Input data →

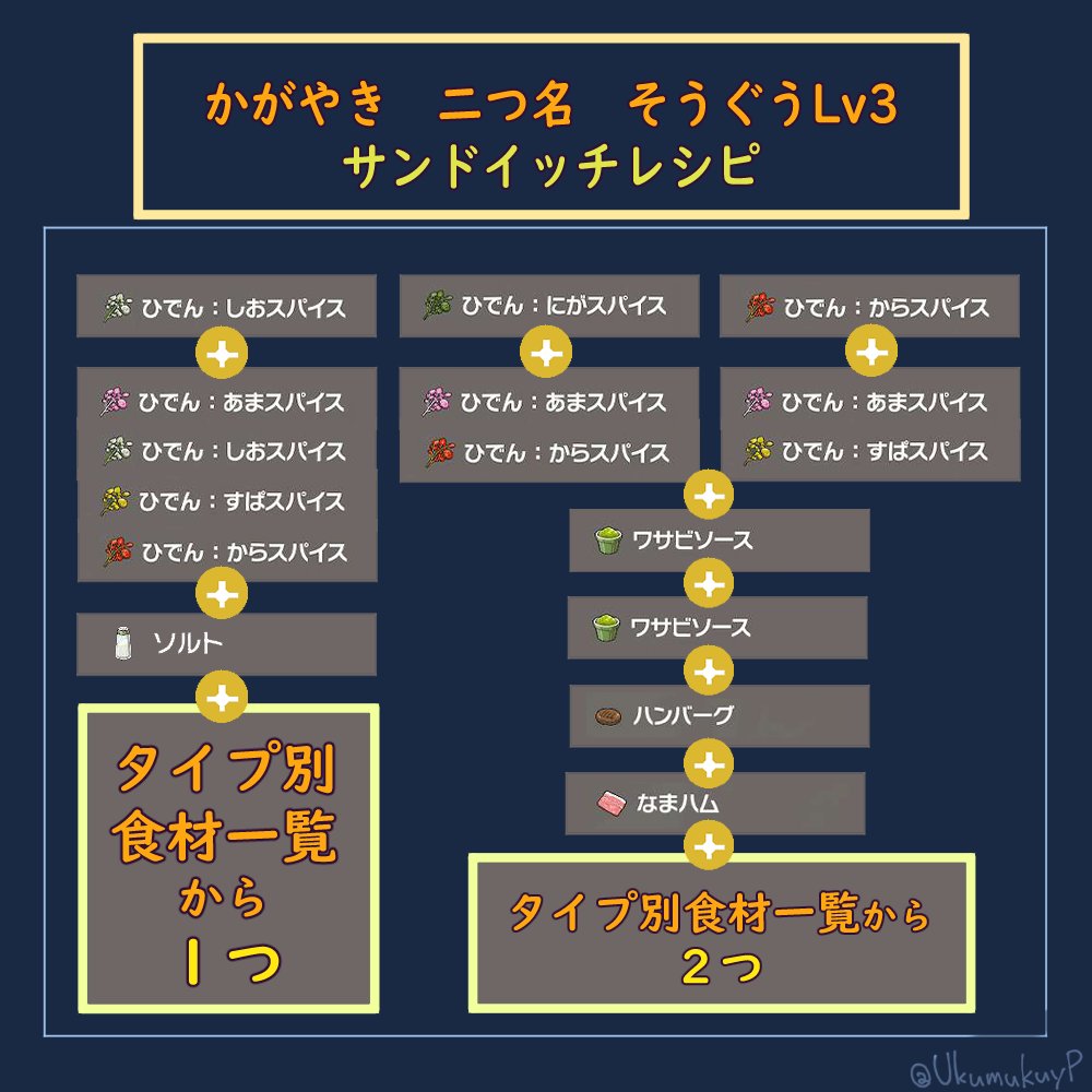 だぴお on X: "しおスパイスを使わず全タイプに対応した、かがやきパワー・そうぐうパワーLv3色違い厳選用のサンドイッチレシピ出来ました!ポケモンSV https:t.co riwA3MMLpz"X。
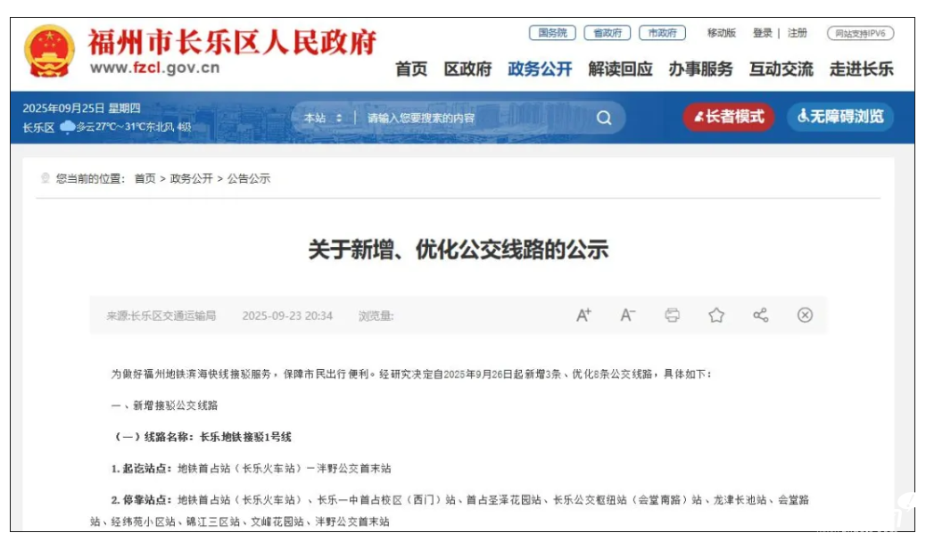 2025年9月23日,福州市長樂區交通運輸局發布“關于新增、優化公交線路的公示 ”。為做好福州地鐵濱海快線接駁服務,保障市民出行便利。經研究決定自2025年9月26日起新增3條、優化8條公交線路。
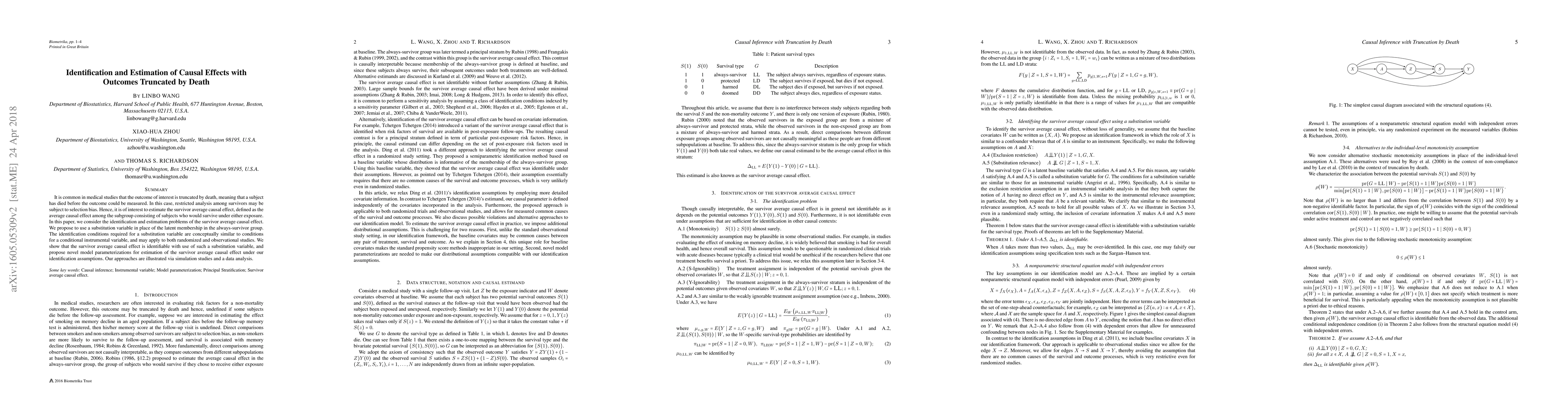 This paper addresses the challenge of estimating causal effects when outcomes are truncated by death in medical studies. It proposes using a substitution variable to identify and estimate the survivor average causal effect, demonstrating its applicability through simulations and data analysis.
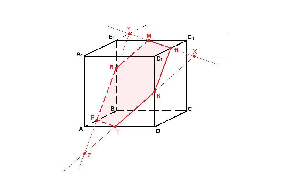 дан куб abcda1b1c1d1 точки m n k середины рёбер b1c1, c1d1, dd1 соответственно, побудуйте переріз кубу площиною (mnk).

Task → In the data above, find the line containing "2025年9月23日,福州市" and the line containing "This paper addresses". Repeat those two lines and everything between them exactly, minus the pictures.

Result of the exercise →
 2025年9月23日,福州市長樂區交通運輸局發布“關于新增、優化公交線路的公示 ”。為做好福州地鐵濱海快線接駁服務,保障市民出行便利。經研究決定自2025年9月26日起新增3條、優化8條公交線路。
 This paper addresses the challenge of estimating causal effects when outcomes are truncated by death in medical studies. It proposes using a substitution variable to identify and estimate the survivor average causal effect, demonstrating its applicability through simulations and data analysis.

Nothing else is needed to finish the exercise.